Official government figures show that around 90% of asylum seekers arriving by boat turn out to be genuine refugees: http://www.aph.gov.au/library/pubs/bn/sp/AsylumFacts.pdf

That means that, of the 800 asylum seekers sent back to Malaysia, which is not a signatory to the Convention, Australia is likely to breach its obligations under international law in 9 out of 10 cases.

06 June 2011

Get them off the boats -- put them on planes

Here are some interesting statistics. In 2009-10 some 5609 people arrived in Australia as "boat people" asylum seekers:

http://www.aph.gov.au/library/pubs/bn/sp/boatarrivals.htm

In the same financial year, 5978 people who had not arrived on boats applied for asylum (protection visas) in Australia:

http://www.immi.gov.au/media/publications/statistics/asylum/_files/asylum-stats-2010-11-section1.pdf

The figure for boat arrivals was a significant increase on the previous year's figure of 1033, while the non-boat number for 2008-09 was 5074.

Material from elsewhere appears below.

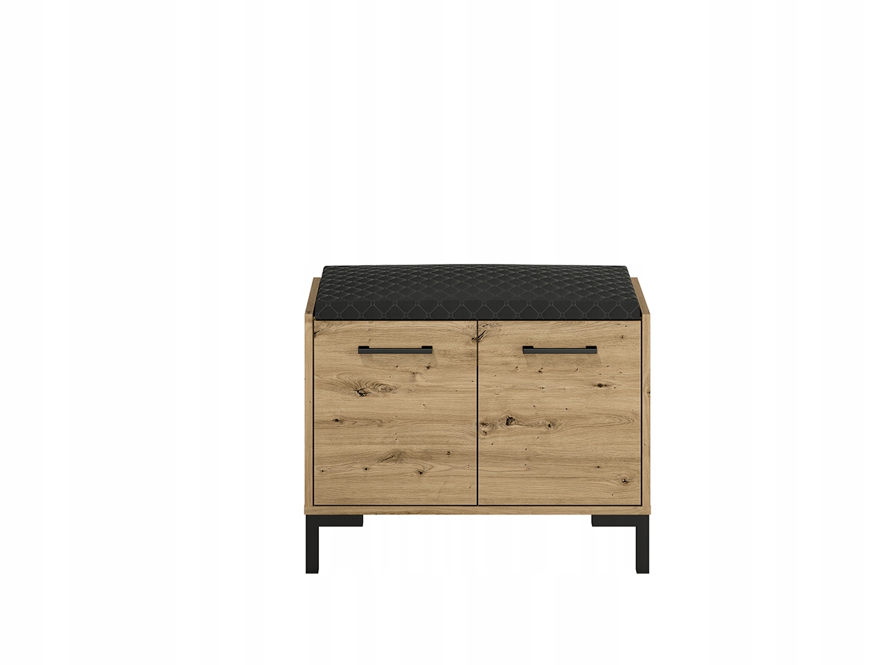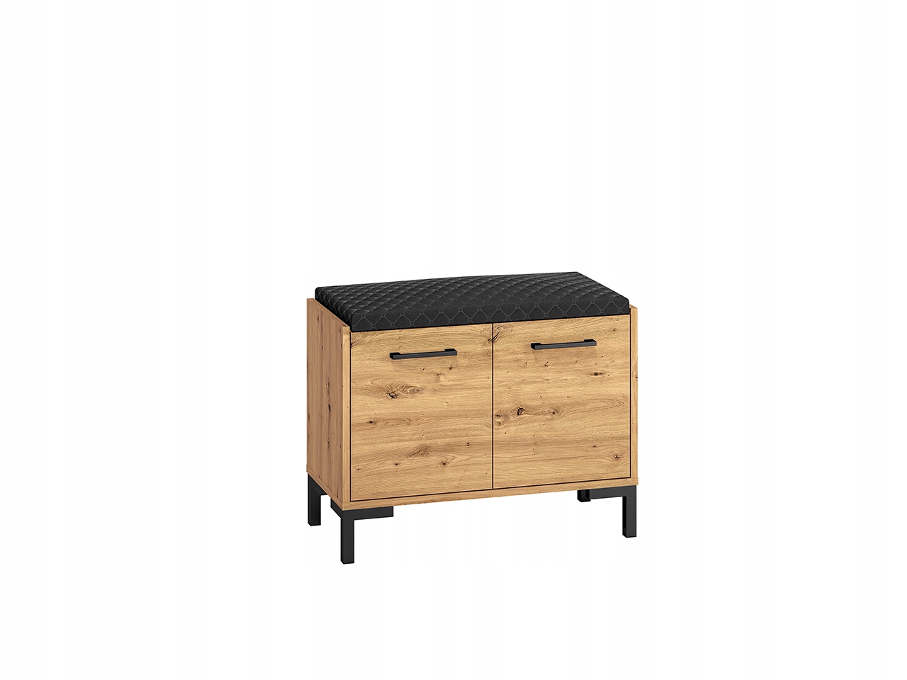 Wykonana z dobrej jakości płyty laminowanej szafka na buty do przedpokoju, została pokryta okleiną w kolorze dąb artisan. Możesz przysiąść na niej na chwilę, aby założyć obuwie lub położyć na siedzisku torebkę, plecak czy siatki z zakupami.

Hardly anyone mentions the non-boat arrivals. They come in with visitor, student or other temporary visas and are allowed to live freely in the community, usually with permission to work, while their cases are considered. The boat arrivals are the hottest potato in Australian politics.

So here's an idea. Why not give the boat people visas and let them fly in? No more boats, no more detention centres, no more tragedies like SIEV 221 at Christmas Island (this is the real attraction, as far as I'm concerned), no more headlines, no more ranting and raving by shock jocks (ok, that might be a bit optimistic).

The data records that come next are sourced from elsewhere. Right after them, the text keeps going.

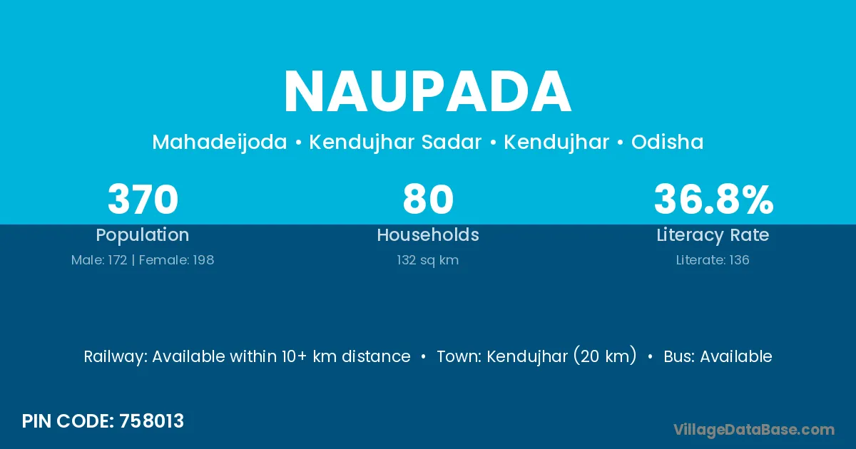 Anugul (40 km) is the nearest town to Naupada village for major economic activities and is located approximately 40 km away.
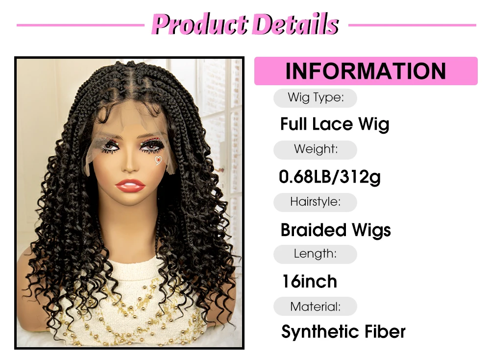 Braids SENSE 16 Inches Synthetic Full Lace Square Knotless Box Braided Wigs with Curly Boho Braids Wig with Baby Hair for Black Women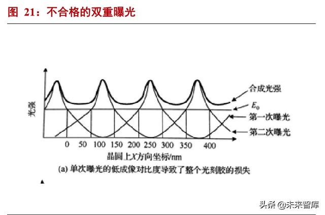 在双重曝光工艺中,若光刻胶可以接受多次光刻曝光而不在光罩遮挡的区域发生光化学反应,就可以节省一次刻 蚀,一次涂胶和一次光刻胶清洗流程。下图左展示了一次不合格的双重曝光过程。由于在非曝光区域光刻胶仍然会接 受到相对少量的光刻辐射,在两次曝光过程后,非曝光区域接受到的辐射有可能超过光刻胶的曝光阈值 E0,而发生错 误的光刻反应。在下图右中,非曝光区域的光刻胶在两次曝光后接受到的辐射能量仍然小于其曝光阈值 E0,因此下图 右是一次合格的双重曝光。从这个例子可以看出,与单次曝光不同,双重曝光要求光刻胶的曝光阈值和光刻光源的照 射强度之间的权衡。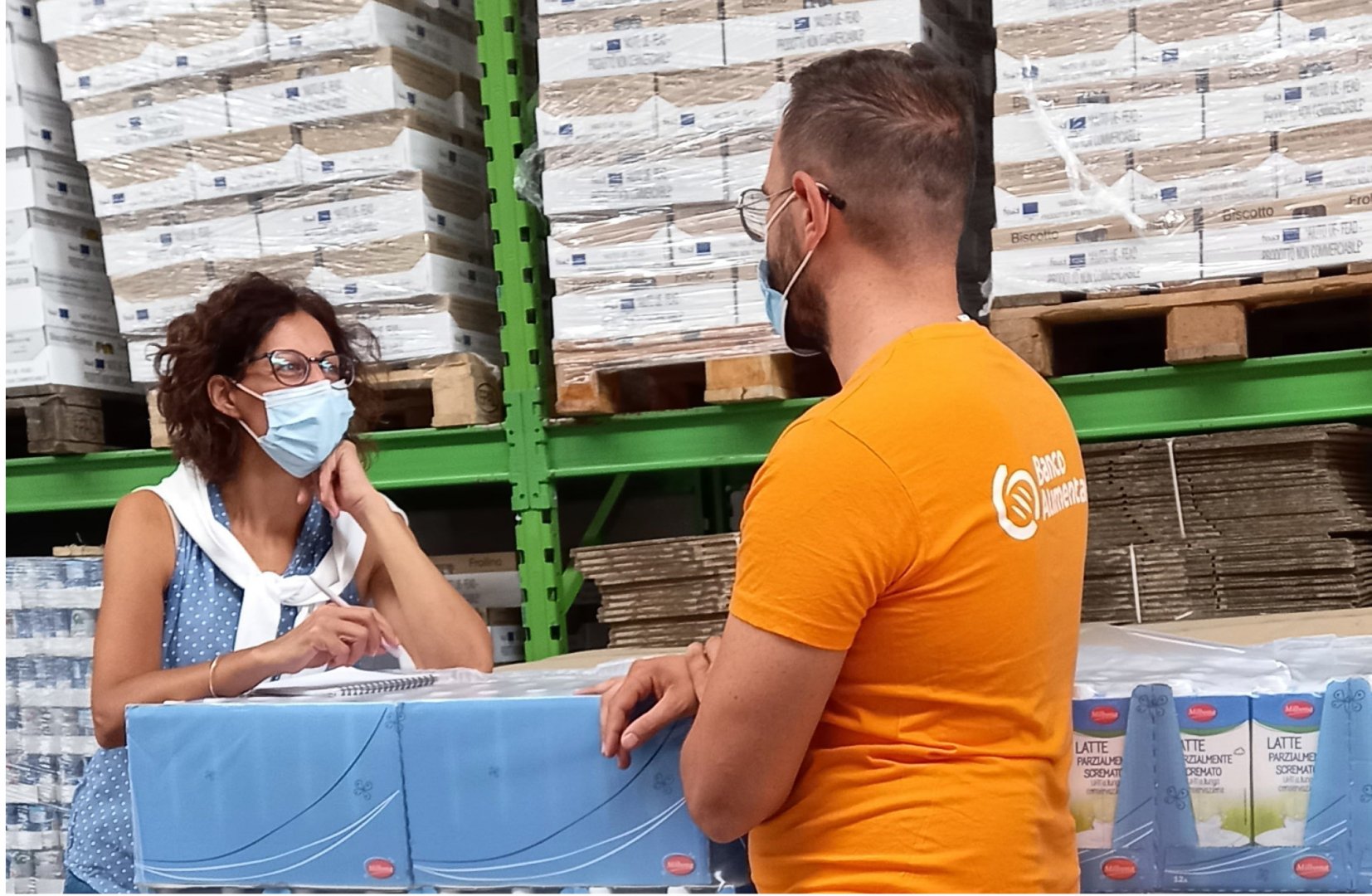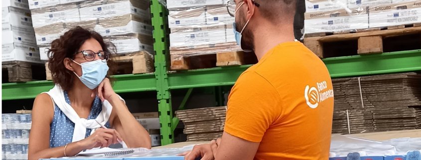 All’inizio ha legato molto con Gianluca, il direttore, che lo ha subito coinvolto nelle decisioni da prendere in merito all’organizzazione del lavoro nel magazzino. Da quando sono arrivati i ragazzi e le ragazze del servizio civile, a fine maggio, Alessandro si sente ancora più utile. “Sto insegnando loro molte cose perché sono qui da più tempo e sono pratico con i muletti. Alla fine trasferisco loro quello che altri hanno insegnato a me”, dice sorridendo con lo sguardo dietro i grandi occhiali. Fa un po’ da guida agli altri: infatti, quando sono entrata al magazzino e gli ho chiesto di fare una chiacchierata, mi ha detto di aspettare un attimo perché era appena arrivato il referente di una struttura caritativa a ritirare gli alimenti. “Facciamo prima questa consegna”, ha detto, mentre coordinava il lavoro dei volontari.

If the only difference between "illegal" and "legal" asylum seekers is having a visa, then why not create an Asylum Seeker visa? It would certainly achieve the government's stated objective of smashing the people smugglers' business model.

01 June 2011

Reply from DIAC about anti-discrimination protections

I have received a reply from Immigration to the enquiry that I mentioned in my last posting:

While what information and the form in which that information will be made available to employers is yet to be finalised, it is envisaged that only generic information would be visible to employers. In addition to this, clients submitting and expression of interest will be asked if they wish to make this generic information available to potential employer sponsors. It is also anticipated that the process will be an 'opt in' one for clients whereby employers will indicate in the database which clients they are interested in contacting. Clients will then be given the opportunity to contact the employer thus an employer will only be provided with contact details of a client by a client.

This is encouraging, since it shows that DIAC is aware of the possible anti-discrimination issues with the SkillSelect model. Now we must wait and see whether the employers are willing to participate.